The First Stone (31 page)

Read The First Stone Online

Authors: Mark Anthony

Tags: #Fiction

“I said stay,” the voice intoned.

Ralph went stiff as a corpse, arms before him, and his eyes bulged. A gurgle sounded low in his throat, but he made no other sound. A figure clad all in black parted from the shadows and drifted into view. It was not the ghost of Deacon Moody.

“Are you well, James?” he said, gazing down at me.

I tried to speak, but I seemed as paralyzed as the two men. I had grown since our last meeting, but the stranger still towered over me, and his voice—full of danger a moment ago—had been as resonant with kindness as I remembered. A stray shaft of light illuminated his face, and I thought it stern and wise and handsome.

“Who are you?” I finally found the breath to ask.

“That is a long tale, and there is no time to tell it now, James. I would that you come with me tonight.”

I glanced at the two motionless men. Spittle dribbled from their mouths.

“You can do with me as you would,” I said. “I can’t stop you.”

He bent down and, as he had long ago, laid a hand on my shoulder. “No, James. I’m not like them. I will not make you do something you would not. I want you to come with me because you choose it, because you want something better for yourself than what you have been given. Because you want to live.”

A moan escaped me. For so long I had believed I was dead, capable of feeling nothing. Only I had been terribly wrong, for at that moment a pain pierced my heart, and a longing came over me—though for what I could not name, except that I thought of the calling of the bells that had awakened me, and how clear the sound had been. I thought as well of Deacon Moody, and how he had wished to save me. Perhaps he had after all.

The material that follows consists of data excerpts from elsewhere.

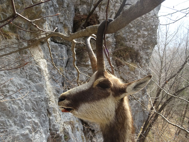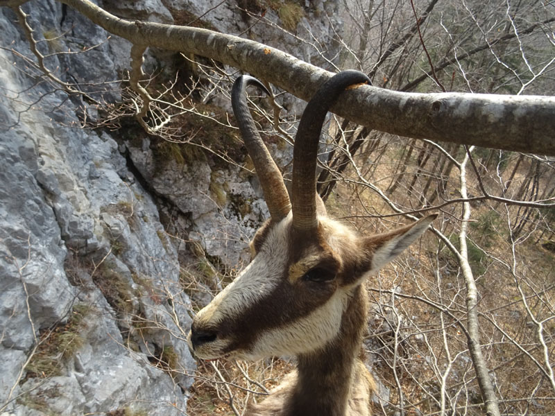 È appeso per un corno?? È rimasto così cadendo dall'alto? Un camoscio cadente? Devo esprimere un desiderio?  |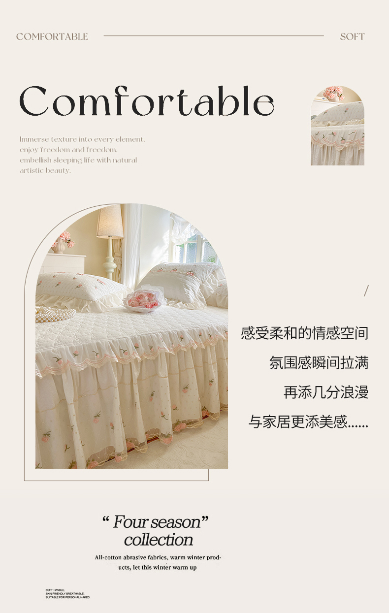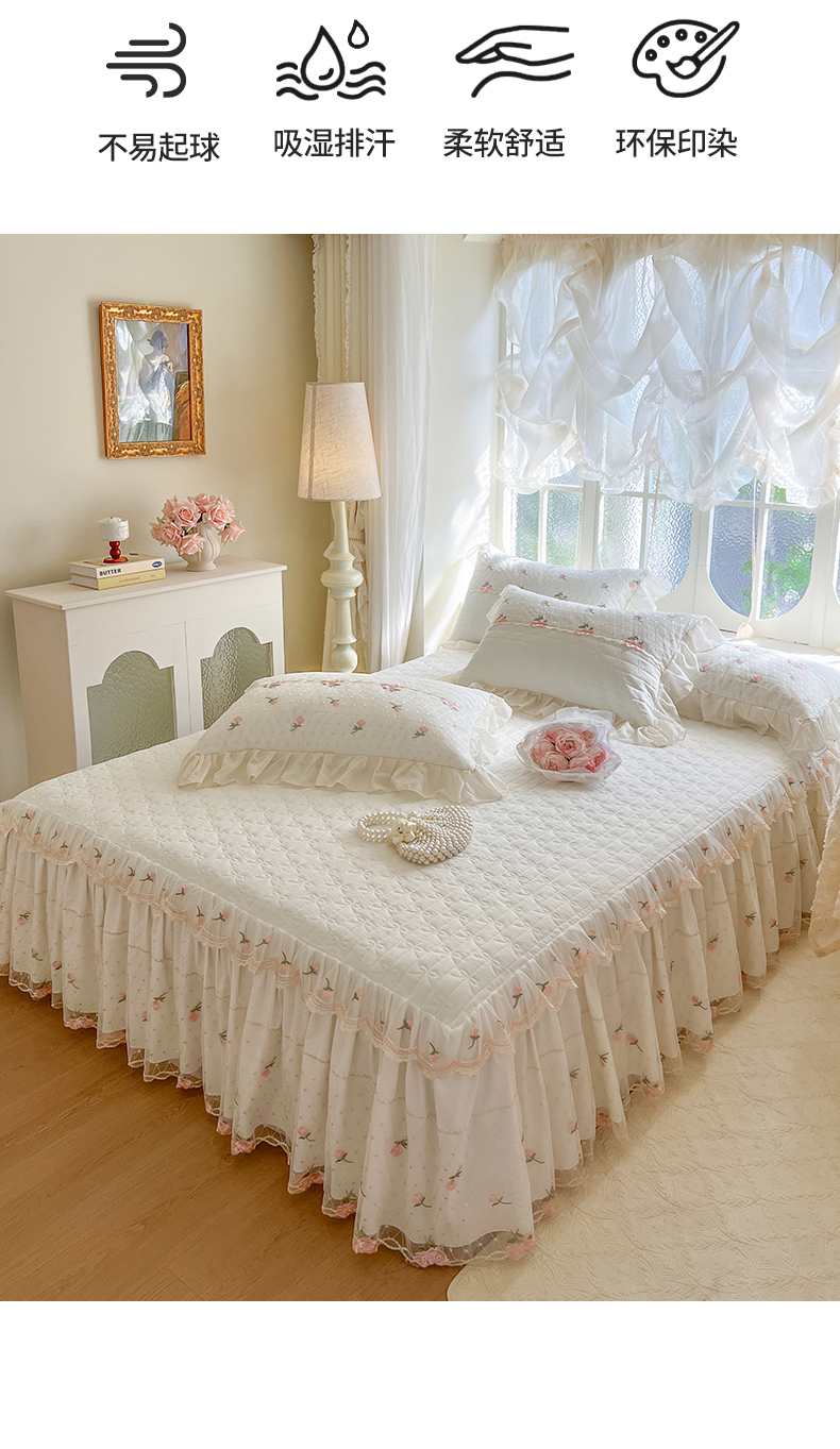 商品名称:(总)网红馆(ck家纺)2025新款优舒棉蕾丝花边床裙三件套-玛格丽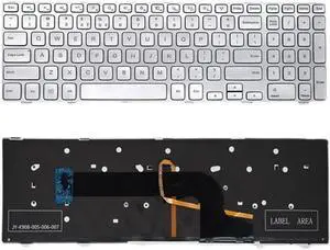 Laptop Replacement US Layout Backlit Keyboard for Dell Inspiron 15 7537 7000 P36F Silver 15-7000 Series

“I will come with you,” I said.

“I am glad, James.” Keeping his strong hand on my shoulder, he guided me from the close, past the two men who stood still as statues, and like ghosts ourselves we passed into the night.

While it was years before I would finally learn the secret of the Sleeping Ones, before my own eyes would become gold as his, the moment I walked from Advocate’s Close with the stranger was the moment I left death behind and first embarked upon the path to immortality.

While the days that followed are a blur to me now—events seen through a gray fog—I remember that night with perfect clarity: how he led me to a coach waiting on High Street and spoke quiet words to a man clad in a servant’s coat.

“Lay him down in the back. Be gentle with him. And after you arrive at Madstone Hall, you must send for the doctor at once.”

“What of yourself, sir?”

The servant’s voice was rich with an accent I could not name, unlike the stranger’s speech, which seemed to bear no accent at all.

“I must finish my business here in Edinburgh. I’ll take a horse to the manor later tonight.”

“We’ll keep a fire burning in the library for your arrival, sir.”

I could not see—yet I felt—his smile. “Thank you, Pietro. Even after all these years, I haven’t grown used to the chill of this land. To think, they call this springtime. Here—use this to keep him warm.”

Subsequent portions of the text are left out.